Published: Fri 22 Jan 2021, 6:39 PM

UAE resident William Pardoe spent 197 days in quarantine — not in a facility or his flat, but onboard a catamaran docked at a marina in Thailand. What started as a five-week boat trip from Australia led to a gruelling stay in the waters of Phuket.

As the Covid-19 pandemic painted a gloomy picture onshore due to mobility restrictions, the world offshore had its own challenges. Border closures stranded over 400,000 seafarers in what was described by the International Maritime Organisation as a ‘deep crew change crisis’.

Among those stuck at sea was William, a 29-year-old British national who spent a six-month quarantine on a 62ft catamaran along with Captain Sam McCracken, First Mate Neil Antrum and his friend Petra Srubarova.

William and the crew had set off from Port Douglas in Australia on April 26, 2020, towards Phuket, which would have taken them five weeks.

“My visa to stay in Australia was expiring and while the world was gradually shutting down, I thought of going on a five-week boat trip with this group of seafarers heading towards Thailand. That will give the world enough time to get over the virus,” said William.

As per the initial plan, the boat would cover the 8,000km journey from Australia to Thailand for its repairs, before being sold off to its new owners in Greece.

Attracted by the offer of $200 a week as stipend, William and his friend Petra joined crewmen Sam and Neil on the journey.

Their hopes of the epidemic subsiding were dashed, with border closures extended for much longer than just five weeks.

With the Thai borders closed, the crew made a week-long stop in Langkawi, Malaysia, before sailing over to the coastal town on May 30, 2020. Upon their arrival, Thai authorities refused to process their entry.

William described this episode as a “bureaucratic abyss”.“We couldn’t leave the country as we were not allowed to enter in the first place and this is how our six-month-long quarantine began.”

On August 11, 2020, Thailand initiated entry of seafarers under the ‘crew change’ policy. However, the challenge the crew faced was that their catamaran wasn’t classified as a commercial vessel.

“The issue was that we were a small boat. Commercial crew according to their red tape was for the big tankers,” said William.

Their only glimmer of hope was that the world would soon get rid of the pandemic, leading to the borders being opened for international tourists, for Will and the crew to make their way to the airports and fly home.

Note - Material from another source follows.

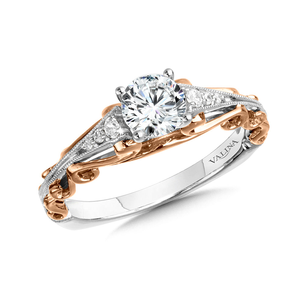 The 14K White & Rose Gold Decorative Tapered Diamond Engagement Ring is an exquisite piece of jewelry that will take your breath away. The ring features a beautifully tapered and milgrain detailed diamond shoulder that draws your eye to the center stone. The embellished rose gold swirled filigree edges add an heirloom feel, making it the perfe carat ring for those who love classic elegance. This stunning ring is crafted from 14K rose and white gold, which gives it a unique and sophisticated look. The center stone is sold separately, which gives you the freedom to choose a stone that best suits your taste and budget. Whether you are proposing to your significant other or adding a touch of elegance to your jewelry colle caration, this ring will make a statement of style and sophistication.

The crew had stored enough food for two months, after which they had to rely on their weekly stipend to buy their supplies. Most of the meals were prepared on board the catamaran, with ingredients delivered by the local supermarkets.

Describing the feeling as being “trapped in your apartment with nowhere to go”, William said the crew kept themselves sane through reading books, exercising, organising chores around the boat and also getting involved with some artwork.

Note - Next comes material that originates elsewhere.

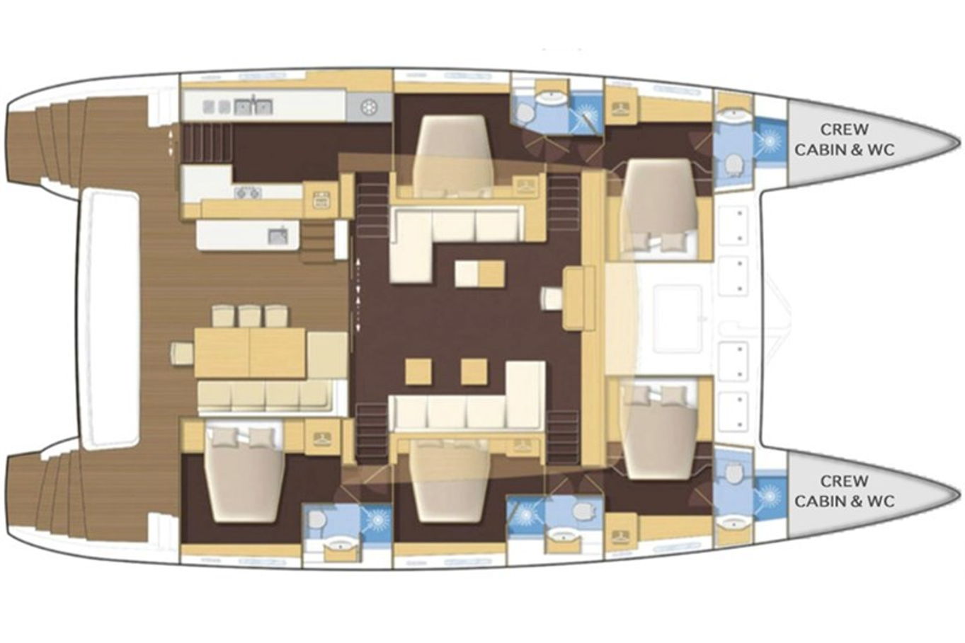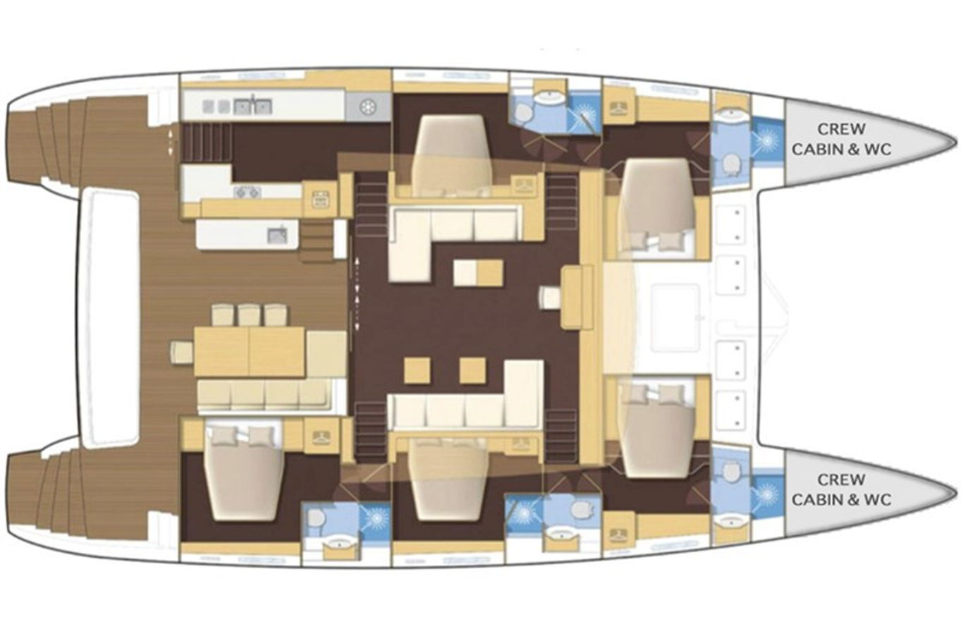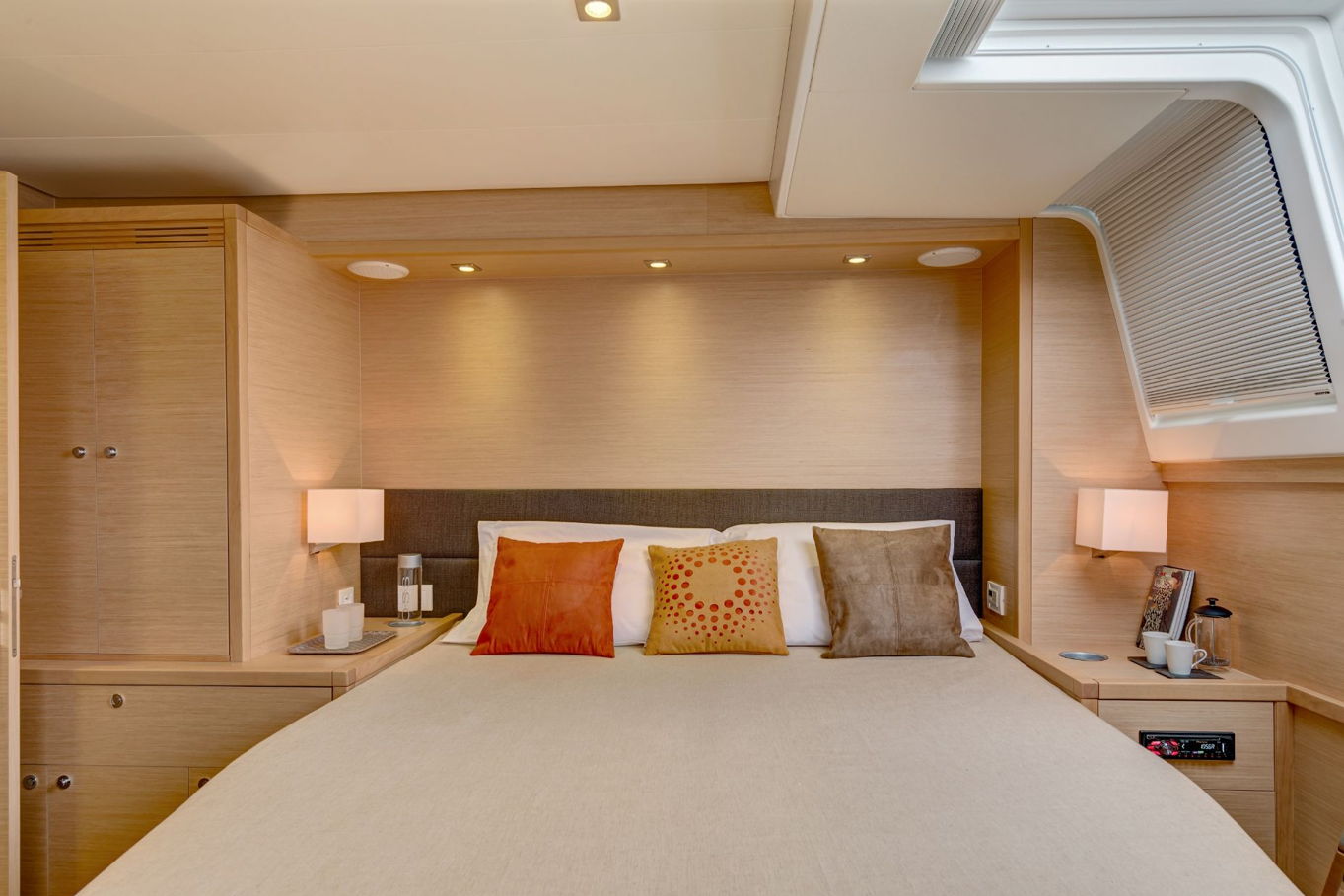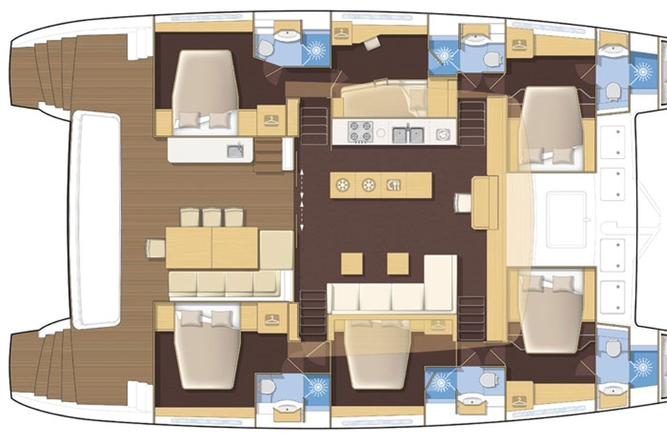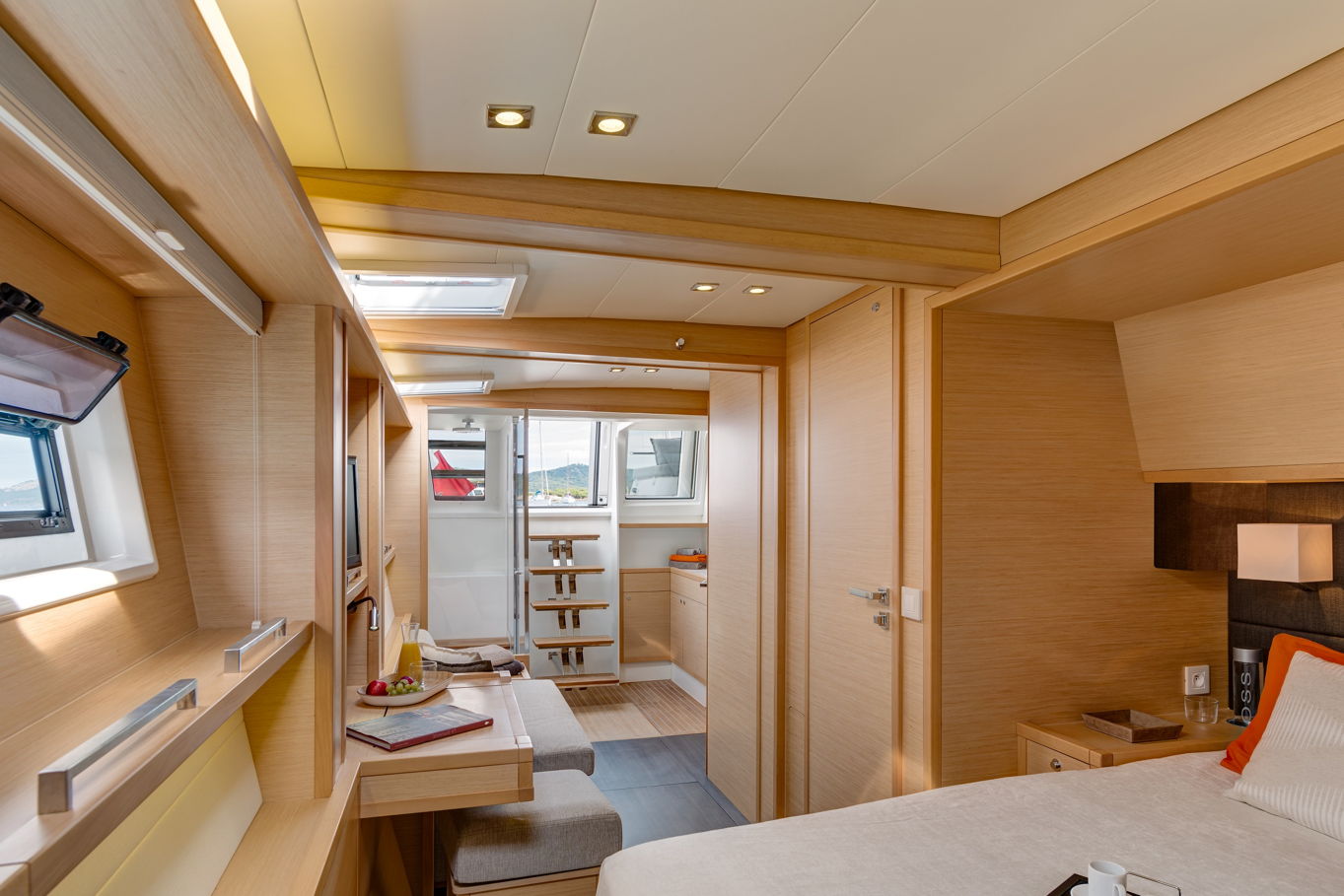 The Lagoon 620 houses up to ten people within five double bed cabins. (For a cruise in Croatia it is available in a six cabin option that accommodates up to twelve people). All rooms have VIP size cabins, a double bed and an en suite bathroom with a separate shower corner and toilet. The cabins offer a room comparable to a hotel with an office desk. The speciality of this catamaran is the double entrance to the rear cabins - you can either gain access to them via the stairs from the salon or by the huge rear windows that can be pushed aside and lead directly outside on the rear of the boat. From this position it is just a few steps away from the sea.

“We kept saying that we will be free after two weeks and it is only a matter of time from here on. Weeks became months and we were stuck in the same situation,” William added.

Frustrated by their situation, William and Petra decided to take matters into their own hands. On November 1, 2020, they managed to join another boat that was setting sail from Phuket.

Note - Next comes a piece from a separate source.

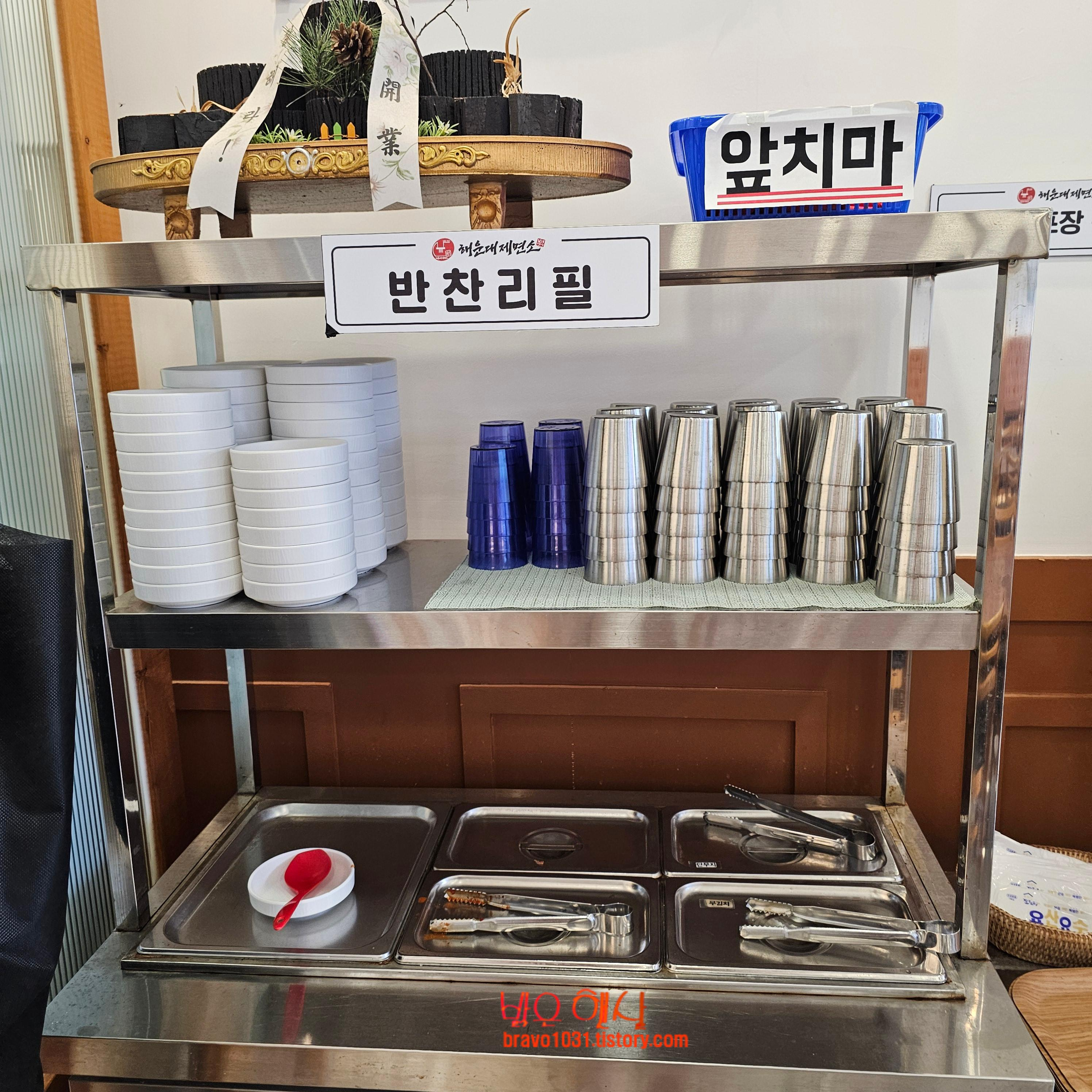 식당의 한 쪽에는 온육수와 반찬 셀프바가 있다.

As soon as the crew arrived in Singapore, they were handed over a one-day visa, after which William managed to get on a flight to Istanbul to do a Covid-19 test, prior to his arrival back in Dubai.

After a long ordeal of 197 days, William finally returned to Dubai where his parents live on November 12, 2020.

Relieved by the end of the episode, William still feels uneasy thinking about it all. Captain Sam and First Mate Neil remain stranded in Thailand, and William has only one message for them: “Hang in there, guys, this will all be over soon.”